Reproduce all of the data exactly. Images are not to appear in the reply.

*Dataset excerpt*.

━━━━━━━━━━

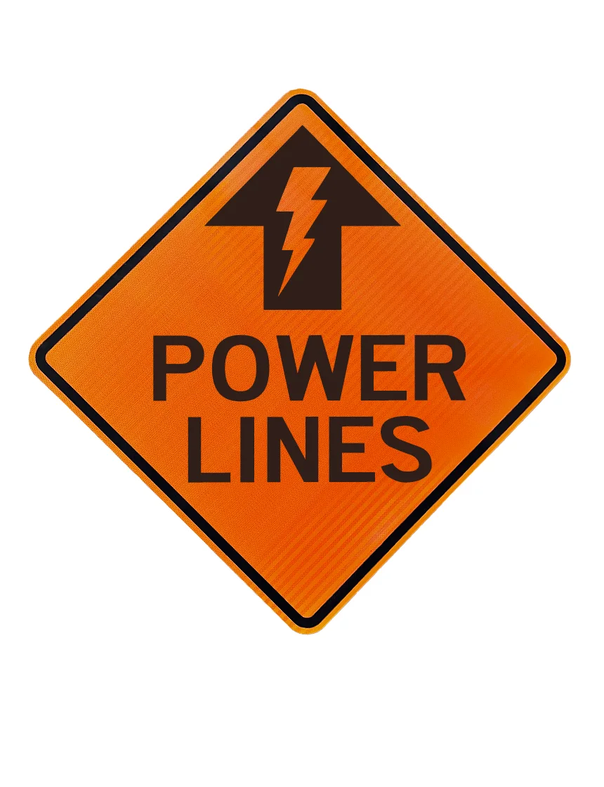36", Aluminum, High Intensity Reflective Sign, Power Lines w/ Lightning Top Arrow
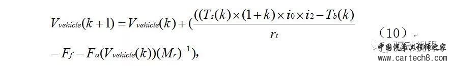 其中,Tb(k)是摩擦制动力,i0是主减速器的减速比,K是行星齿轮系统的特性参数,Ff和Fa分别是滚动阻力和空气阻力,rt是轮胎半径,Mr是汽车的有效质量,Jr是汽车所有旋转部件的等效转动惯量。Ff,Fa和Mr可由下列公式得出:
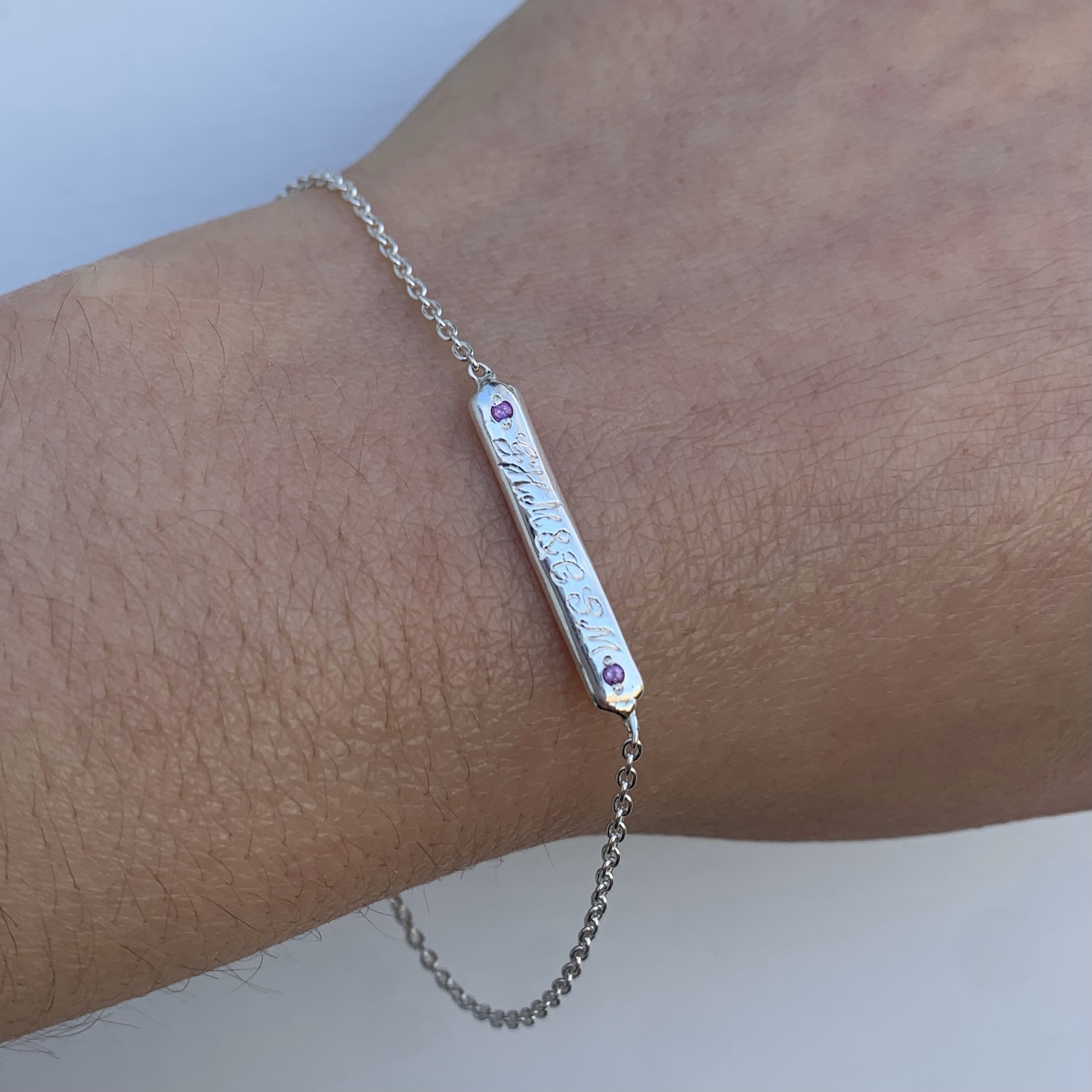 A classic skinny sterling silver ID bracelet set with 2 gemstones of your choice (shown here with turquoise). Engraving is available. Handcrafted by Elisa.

━━━━━━━━━━

*Response*.
36", Aluminum, High Intensity Reflective Sign, Power Lines w/ Lightning Top Arrow
 其中,Tb(k)是摩擦制动力,i0是主减速器的减速比,K是行星齿轮系统的特性参数,Ff和Fa分别是滚动阻力和空气阻力,rt是轮胎半径,Mr是汽车的有效质量,Jr是汽车所有旋转部件的等效转动惯量。Ff,Fa和Mr可由下列公式得出:
 A classic skinny sterling silver ID bracelet set with 2 gemstones of your choice (shown here with turquoise). Engraving is available. Handcrafted by Elisa.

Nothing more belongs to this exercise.